Everything in the listing below except the pictures should be reproduced exactly.

*EXERCISE DATA*.
++++++++++

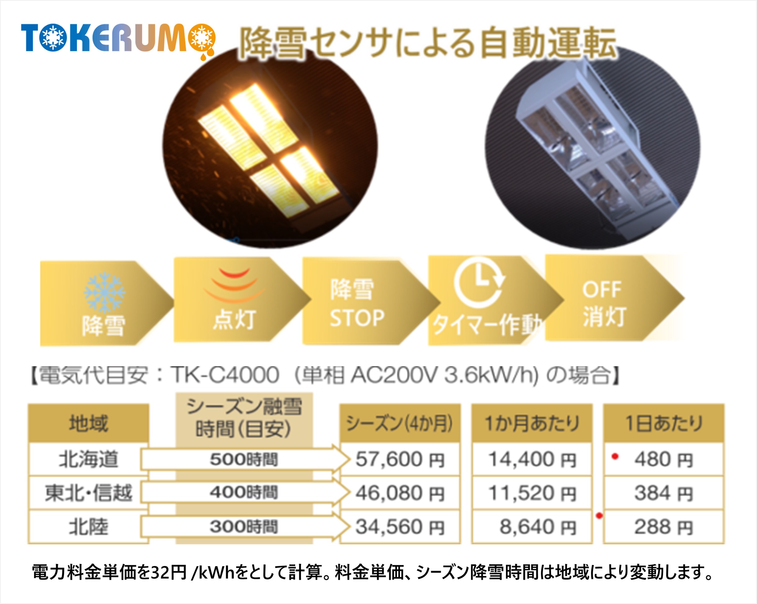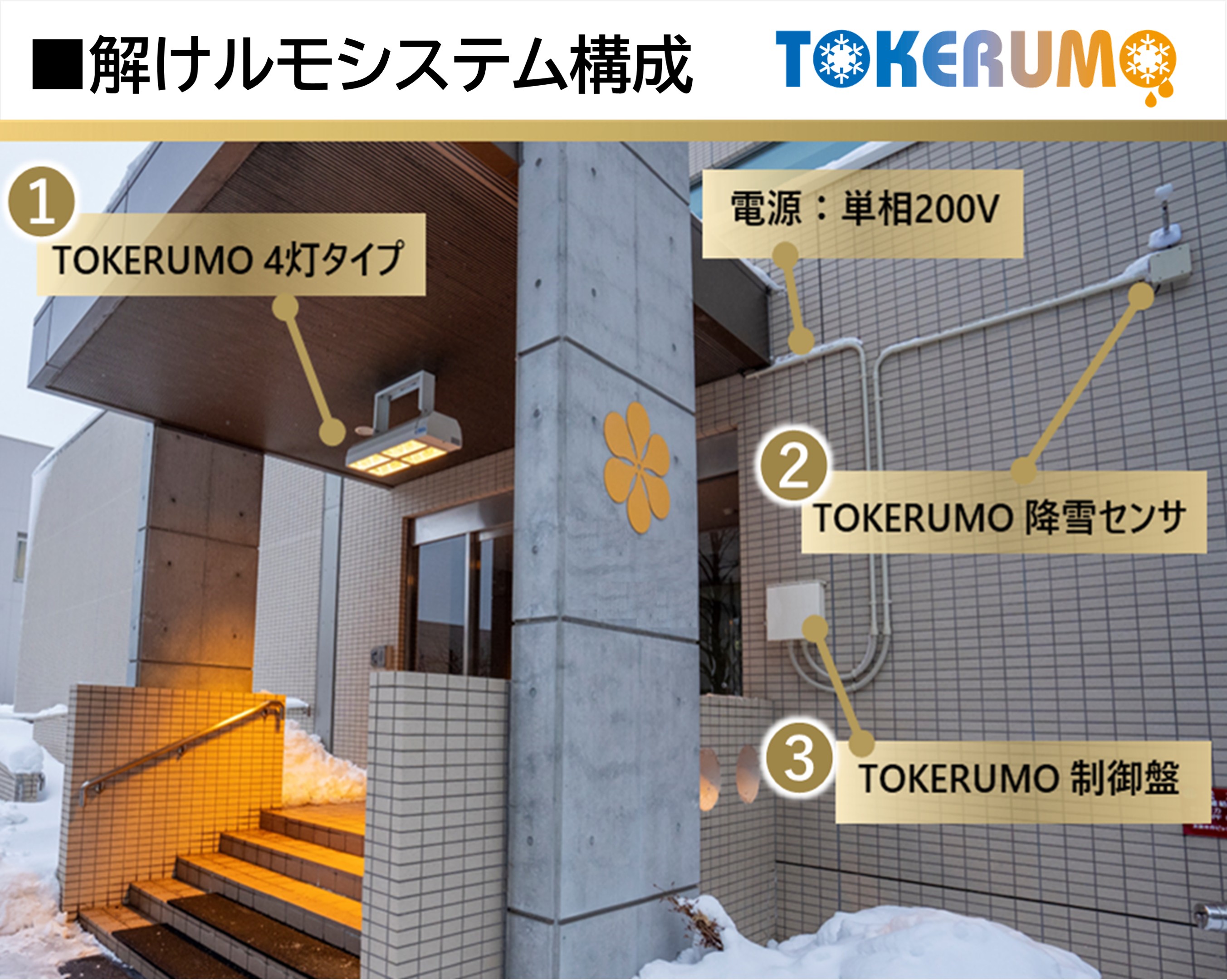 | システム構成 | 専用の降雪センサと制御盤(別売)をセットでご使用いただくことにより、24時間自動融雪(降雪時のみの自動点灯)を行います。設置台数に応じて必要アンペア数の制御盤の組み合わせが可能です。 |
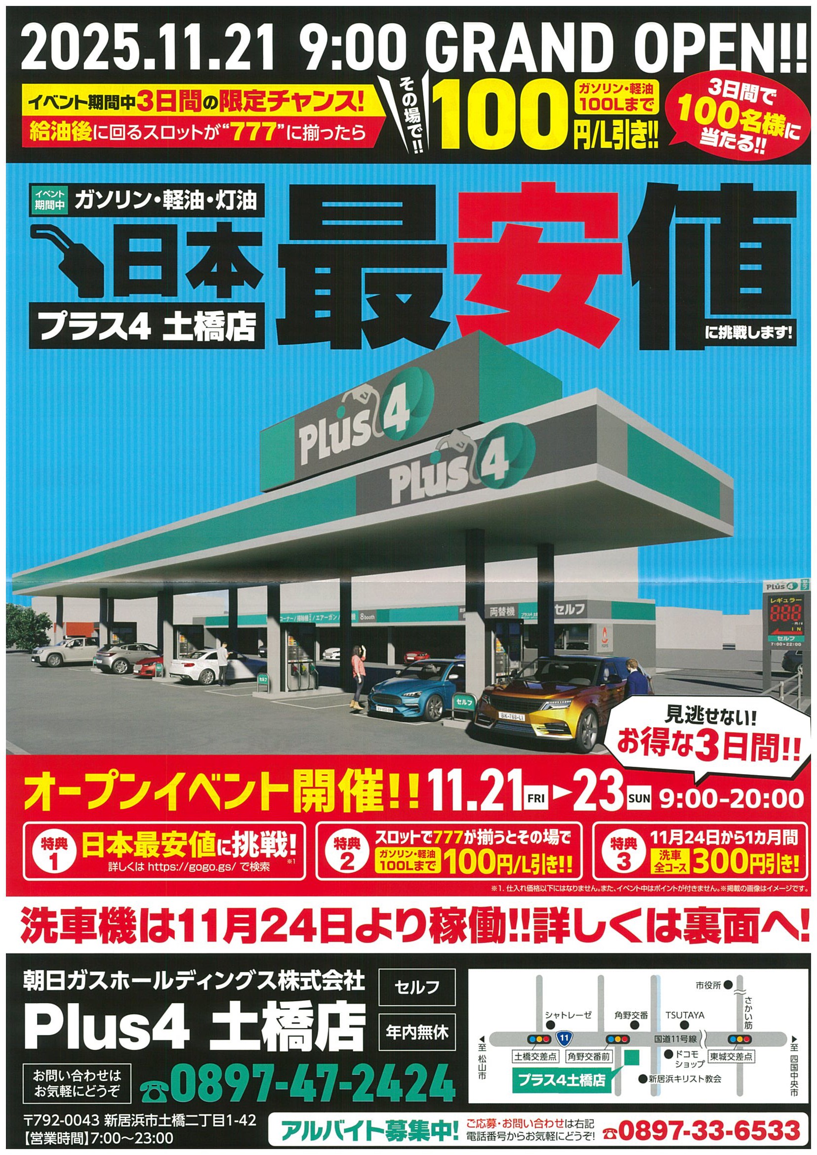 新居浜市土橋にて、PLus4土橋SSの竣工式が執り行われました✨
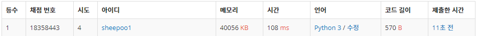 파이썬으로 푼 사람이 많지는 않지만 1등을 해보는 날이 오다니..
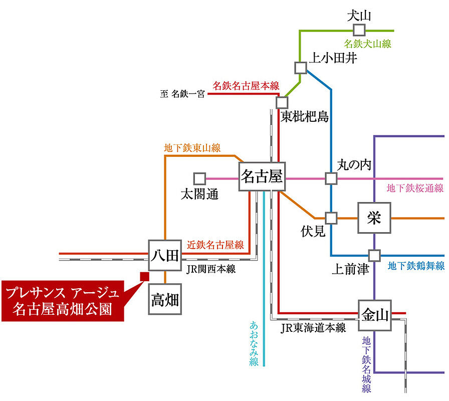 名古屋市営東山線「高畑」駅 徒歩4分 名古屋市営東山線「八田」駅 徒歩11分 JR関西本線「八田」駅 徒歩13分 |

++++++++++

*RESULT OF THIS EXERCISE*.
 | システム構成 | 専用の降雪センサと制御盤(別売)をセットでご使用いただくことにより、24時間自動融雪(降雪時のみの自動点灯)を行います。設置台数に応じて必要アンペア数の制御盤の組み合わせが可能です。 |
 新居浜市土橋にて、PLus4土橋SSの竣工式が執り行われました✨
 파이썬으로 푼 사람이 많지는 않지만 1등을 해보는 날이 오다니..
 名古屋市営東山線「高畑」駅 徒歩4分 名古屋市営東山線「八田」駅 徒歩11分 JR関西本線「八田」駅 徒歩13分 |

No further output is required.